Mrs. Jensen snorted. "That’s obvious."


She looked at Ben, who was holding a watering can like it might explode at any moment. "And you. What are you doing?"


"Watering," Ben said, though it sounded more like a question.


"Are you, now?" Mrs. Jensen looked unimpressed. "Looks more like you’re drowning those poor plants."


Lila, who had an alarming amount of optimism for someone with no plan, stepped forward. "We’re trying to bring the garden back. It used to be beautiful, didn’t it?"


For the first time, Mrs. Jensen’s expression softened. She looked at the lot with something like nostalgia. "It did. But it’s not as easy as you think, you know."


"We’re not really good at easy," Zara said, shrugging.


Mrs. Jensen smirked. "Clearly."


And so, in the kind of twist that surprises absolutely no one, Mrs. Jensen started showing up every day after that. First, just to offer "a little advice," then to demonstrate proper planting techniques, and finally, because she couldn’t stand to watch them make any more of a mess than they already had.


Before long, word got around. Mr. Alvarez, who no one had seen leave his house in a decade, came by to offer some tomato plants. Gloria, who worked at the bakery, brought seeds. It seemed like everyone had something to contribute, even if it was just a suggestion—or, in Mrs. Jensen’s case, a long list of things they were doing wrong.


It wasn’t just the garden that started to bloom. Something happened in the neighborhood, something that people couldn’t quite explain but felt just the same. The lot that had once been forgotten became a place where people met, laughed, shared stories, and sometimes argued about the best way to prune a rosebush.


One afternoon, Ben was watering a row of marigolds when a stray cat decided to stroll through the garden, brushing up against the freshly planted flowers. "Shoo!" he yelled, waving his arms. The cat looked at him, unimpressed, and proceeded to knock over a pot of daisies.


Lila squinted at the cat, then shrugged. "He seems to like the garden."

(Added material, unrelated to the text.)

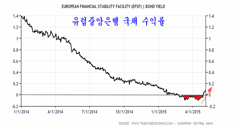 특히 유럽 중앙은행 채권은 지난해 하반기 마이너스 권에서 움직였지만 최근 상승이 시작되어 플러스 전환하였고 빠르게 상승하고 있다. 금리가 마이너스라는 것은 자금시장에서 자금을 빌려갈 수요가 부족하거나, 지나친 리스크 회피 심리로 금융기관이 자금을 빌려주지 않기 때문에 나타나는 현상이다.

"Seems to like ruining it," Ben muttered as the cat, entirely unbothered, laid down in a patch of basil like it had been placed there just for him.


The cat, who they quickly named Snickers because of the way he made them laugh, became a regular visitor. Not the helpful kind of visitor, though. Snickers liked to knock things over, lay in freshly planted flower beds, and generally act like he owned the place. Which, by all appearances, he probably did.

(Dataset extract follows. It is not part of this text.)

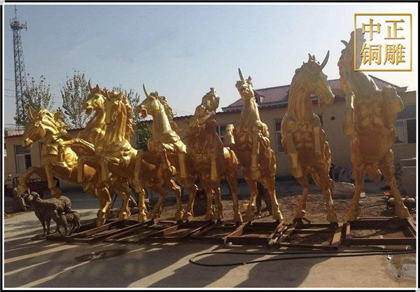 動物雕塑是造型藝術的一種。又稱動物雕刻,是雕、刻、塑三種創(chuàng)制方法的總稱。指用各種可塑材料(如石膏、樹脂、粘土等)或可雕、可刻的硬質材料(如木材、石頭、金屬、玉塊、瑪瑙等),創(chuàng)造出具有一定空間的可視、可觸的藝術形象。動物的形象大為豐富,數量繁多,獅子、麒麟、龍龜、牛、馬等各種不同動物的形象。雕塑手法形象寫實、生動。今天我們著重來說一下銅馬雕塑。

"He’s officially claimed the garden as his kingdom," Zara said one day, watching as Snickers chased a butterfly through the rows of flowers, scattering petals in his wake.


"Great," Ben sighed. "We didn’t build a garden; we built a cat palace."


As chaotic as it was, the garden—and Snickers—somehow worked. The flowers bloomed in all the wrong places, the vegetables grew in a tangled mess, and the cat was basically in charge, but none of it mattered. Because it was alive. The lot, once a forgotten space full of weeds and broken dreams, had become something alive. Something messy and chaotic, sure, but alive.


Standing in the middle of the blooming garden one afternoon, Lila looked around at the people—her neighbors, her friends, and, of course, Snickers—and said, "We did it."


Ben, holding a slightly soggy watering can, grinned. "Yeah. We actually did."


And Zara, munching on a carrot they definitely planted too late in the season, just smirked. "I mean, obviously."


Because the thing about gardens—and people—is that they rarely grow in the ways you expect. But sometimes, when you least expect it, they turn into something better. Something alive.


Even if you’ve got no idea what you’re doing. And even if a grumpy cat thinks he runs the show.